В сентябре 1968-го полуторачасовой телеспектакль «Конец “черных рыцарей”» показали по Первому каналу Центрального телевидения. Потом показали еще раз. И точка. Как пишет Вячеслав Бровкин, «в те далекие времена большинство работ снимались на отвратительной пленке советского производства, которая была непригодна для длительного хранения, а стало быть, и для дальнейших показов»…
Художник служил на Лубянке
Наше знакомство с Павлом Георгиевичем Громушкиным началось с… Абеля. Свел нас еще со студенческих лет мне хорошо знакомый Александр Николаевич Зайцев. Попросил помочь «твоему бывшему коллеге по журналистской профессии, хочет о чем-то попросить в связи с Абелем».
И вот в моем кабинете на шестом этаже в здании «Комсомолки» появился посетитель. Уже тогда очень немолодой, но со вкусом одетый высокий человек, который казался еще выше благодаря прямо гвардейской выправке. Представился: Павел Громушкин. Тактично забыв добавить — полковник Службы внешней разведки в отставке. Достоинство, спокойствие, уверенность в себе, врожденная интеллигентность — это и есть Павел Георгиевич Громушкин.
Дело, которое привело Громушкина ко мне, было под стать его благородному облику: мечтал издать рисунки, портреты, всю живопись своего давнего друга Вильяма Фишера, которого с воспитанной за годы разведки дисциплинированностью именовал только Рудольфом Абелем. Прочитал в газете мои материалы, его товарищу посвященные, и, наведя справки, обратился с просьбой. Надо было подписать в числе прочих разномастных начальников письмо, в котором Павел Георгиевич четко и коротко обосновывал необходимость издания альбома.
Я сразу же поставил корявую свою подпись и прямо при Громушкине позвонил знакомому издателю. Тот мгновенно согласился выпустить цветной фолиант, однако заломил цену несусветную. Другой мой приятель из мира больших книг прямо признался, что проект неприбыльный, разведка денег не вложит и где искать спонсоров? Павел Георгиевич прислушивался к моим разговорам-переговорам с саркастической улыбкой. Для него все эти бесполезные мольбы были этапом пройденным. Середина 1990-х, ответы «денег нет и не будет» привычны, как заход-восход солнца. Он и сам понимал, что поможет только кто-то крупный и относительно бескорыстный. Печалился, что работы Абеля «разойдутся», и поведал любопытную историю.

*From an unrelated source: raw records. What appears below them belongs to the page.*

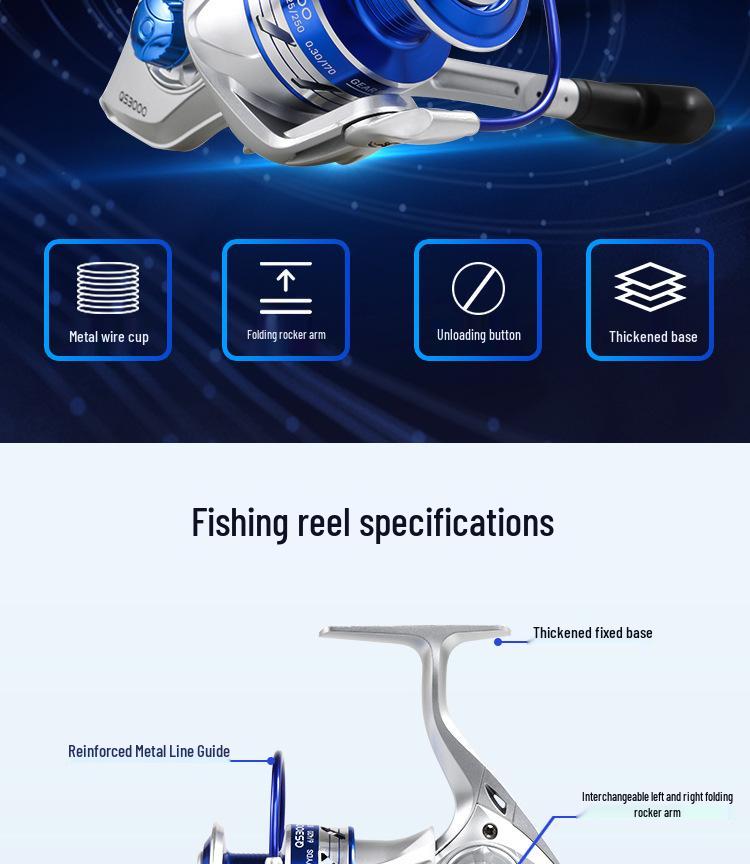 Набор для рыбалки Kemalong полностью из металла: Катушка-чашка, Морское удилище, Скальное удилище, Спиннинговая и Кастинговая катушка.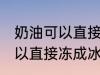 1、奶油不可以直接冻成冰淇淋,奶油是指乳经离心分离后得到稀奶油,经成熟、搅拌、压炼而制成的乳制品。奶油是以乳脂肪为主要成分,营养 ....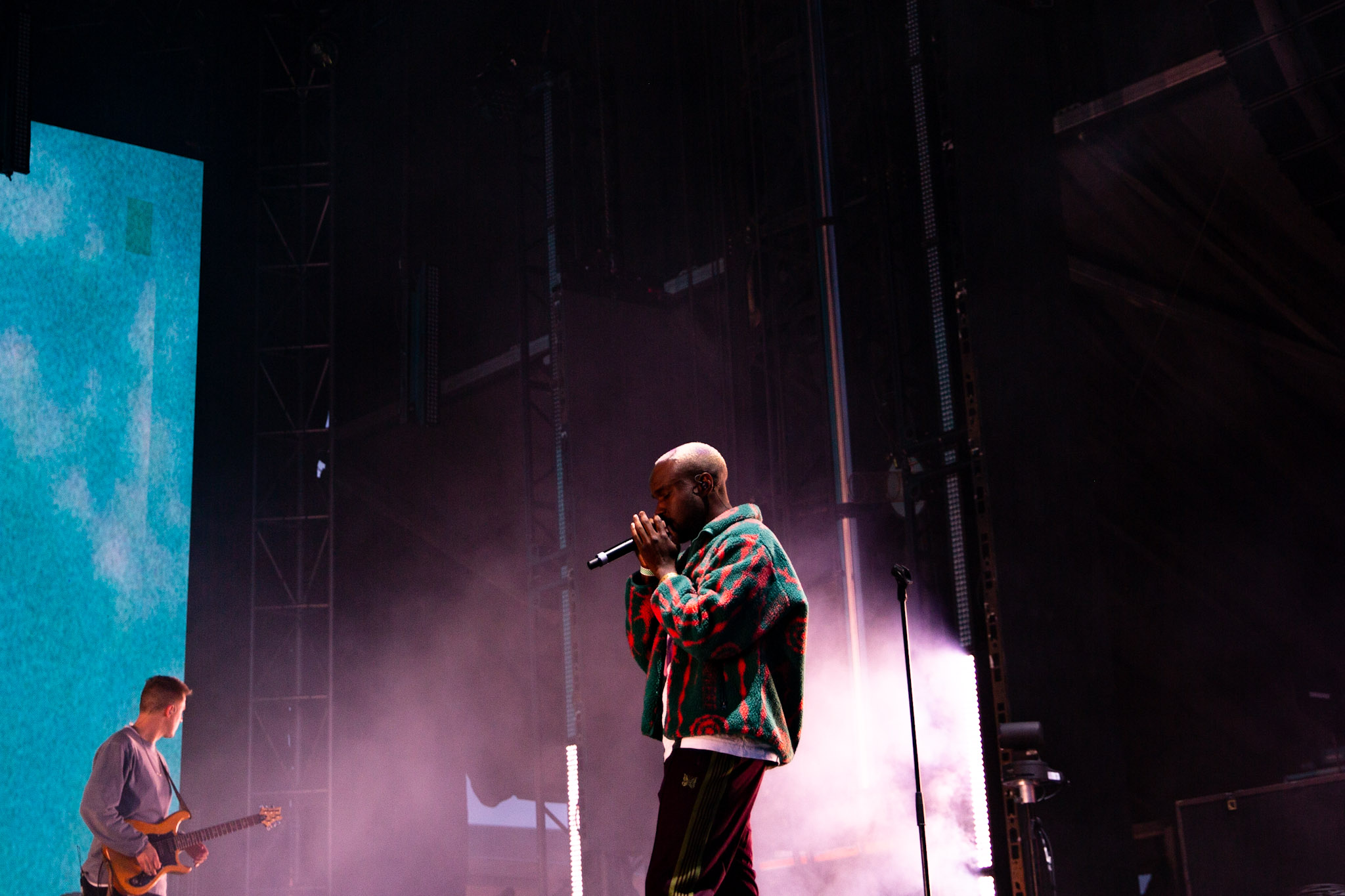 Il fallait bien manger un moment donné et malheureusement pour le Franklin Electric que j’ai vu quelques fois en spectacle, c’est à ce moment que j’ai décidé que mon ventre avait besoin d’un remontant. J’ai donc entendu au loin les chansons de la bande à Jon Matte qui semblait bien se débrouiller comme d’habitude. Puis, c’était au tour du duo torontois DVSN de prendre la scène. En toute franchise, je n’ai pas été très impressionné par la paire. Si musicalement, c’est bien rodé et bien livré, quand on prend le temps de lire les paroles, qui nous étaient projetées en gros sur l’écran, ça devient rapidement plus douteux. On a l’impression par moment d’avoir un macho un peu toxique qui chante la pomme aux dames, pis j’ai juste envie de crier : les filles, éloignées vous avant qu’il ne soit trop taaaaaaaard. Bref, ç’a un peu ruiné mon concert de DVSN.

После возвращения нелегала в квартиру на проспекте Мира был получен багаж из Штатов. Предупредил мой вопрос властным, нередко потом прорывавшимся: «Только не спрашивайте, как!» Пришли брючки и пиджачки, ботиночки и даже картины. И теперь вот Павел Георгиевич беспокоился за творческое наследие друга.

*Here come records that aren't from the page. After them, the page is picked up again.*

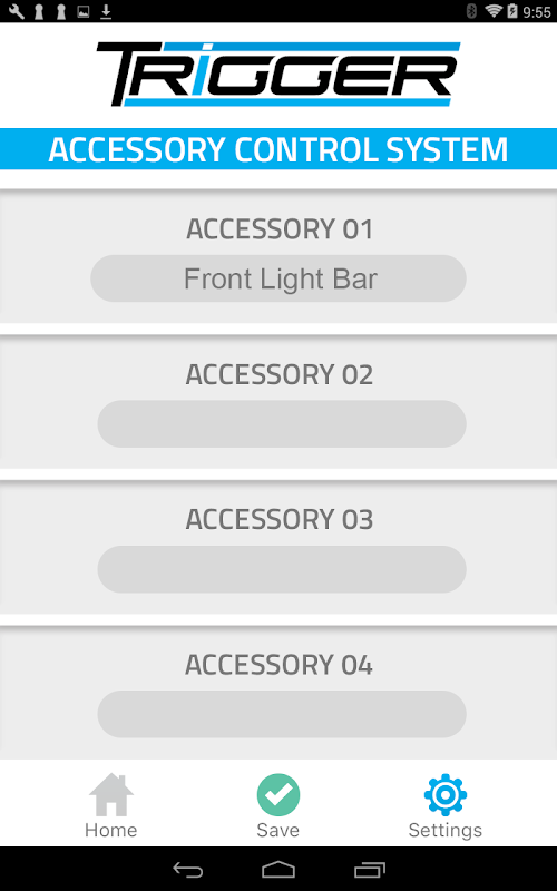 5. Toccare l'icona "Impostazioni" per personalizzare i nomi degli accessori collegati a Trigger. Tocca "Salva" per salvare i nomi personalizzati.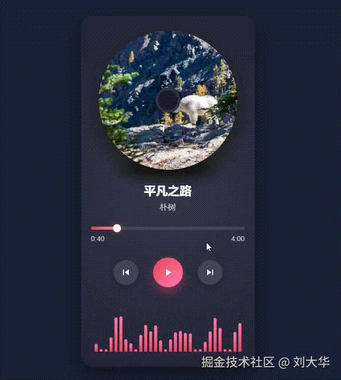 <div class="music-player"> <!-- 专辑区域 --> <div class="album-container"> <!-- 专辑封面和底座 --> </div> <!-- 歌曲信息 --> <div class="song-info"> <!-- 歌曲标题和艺术家 --> </div> <!-- 进度条 --> <div class="progress-container"> <!-- 可交互进度条和时间显示 --> </div> <!-- 控制按钮 --> <div class="controls"> <!-- 播放/暂停、上一曲、下一曲按钮 --> </div> <!-- 音频可视化 --> <div class="visualizer"> <!-- 动态音频条 --> </div> </div>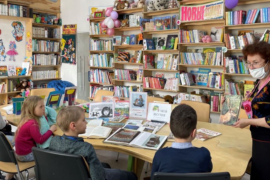 Детская библиотека №7 провела литературный час «Сказки широкой земли». Читатели библиотеки и учащиеся 2 «В» класса школы №74 услышали интересный рассказ об этой огромной северной стране, занимающей добрую половину всего сибирского Севера, о ее бескрайней тайге и столь же бескрайней тундре, о величайшей реке мира, протекающей там – реке Лене, о природных богатствах этого уникального уголка природы.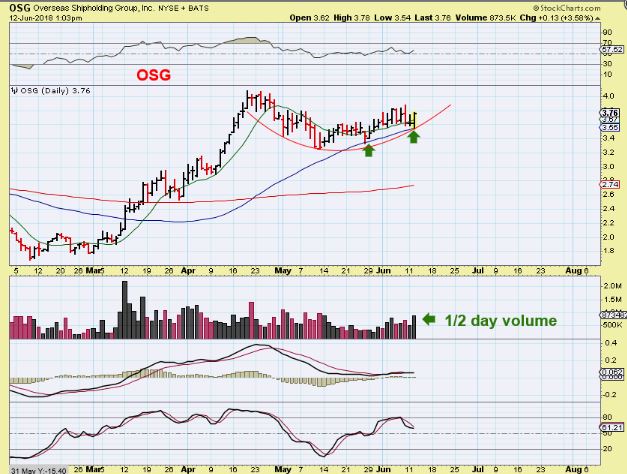 OSG – I’ve been pointing out OSG, and it started to move with strong volume off of the 50sma yesterday, so I posted this midday. It was up 3+%.  It is still a but, but…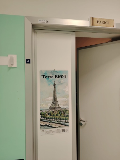 Ora, le porte d’ingresso delle camere di degenza della Geriatria dell’Ospedale di Cuorgnè, diretta dalla dottoressa Claudia Gobbi, sono impreziosite da quadri raffiguranti famosissimi monumenti italiani e stranieri e alle stesse camere è stato attribuito il nome della città di cui il monumento è simbolo. E le pareti dei corridoi del reparto sono adornate da dipinti con vedute panoramiche di Torino, di Firenze, di Roma e di Venezia. Per ciascuna opera sono riportati il nome dell’autore, la tecnica utilizzata e il QRcode per prendere visione del video di realizzazione. Tutto questo è il risultato del progetto “Viaggio in Geriatria”, grazie al lavoro della restailer Elisa Lunardon e dei suoi collaboratori.

Как с двумя прошедшими десятилетиями выяснилось — совсем не зря. Картины Абеля действительно разошлись. Еще поздней осенью 1997 года я видел их в Центральном доме работников искусств на выставке «Разведчики рисуют». Но пролетали годы, уходили люди, а с ними как-то редели и полотна. Кое-что попадалось на глаза дома и на даче Эвелины Вильямовны. Она что-то дарила, часть рисунков, ей не нравившихся, особенно оттуда, из Штатов — страны, название которой в доме не произносилось, она отдавала знакомым. Несколько работ — в кабинете истории внешней разведки. Потом отдавала еще куда-то. Некоторые работы я видел у Лидии Борисовны Боярской. Больше всего понравился автопортрет маслом — написан уже в конце жизни, но рукой твердой, уверенной. В нем — весь Вильям Генрихович: и глаза умные, с какой-то хитринкой, и вид усталого, нелегко прожившего свои почти 70 годков человека. Типичный социалистический реализм в искусном исполнении, только без раздражающей меня фотографичности, без приукрашательств и помпезной праздничной статичности… Но все равно, такова, вероятно, судьба всех полотен, картины меняли с годами владельцев.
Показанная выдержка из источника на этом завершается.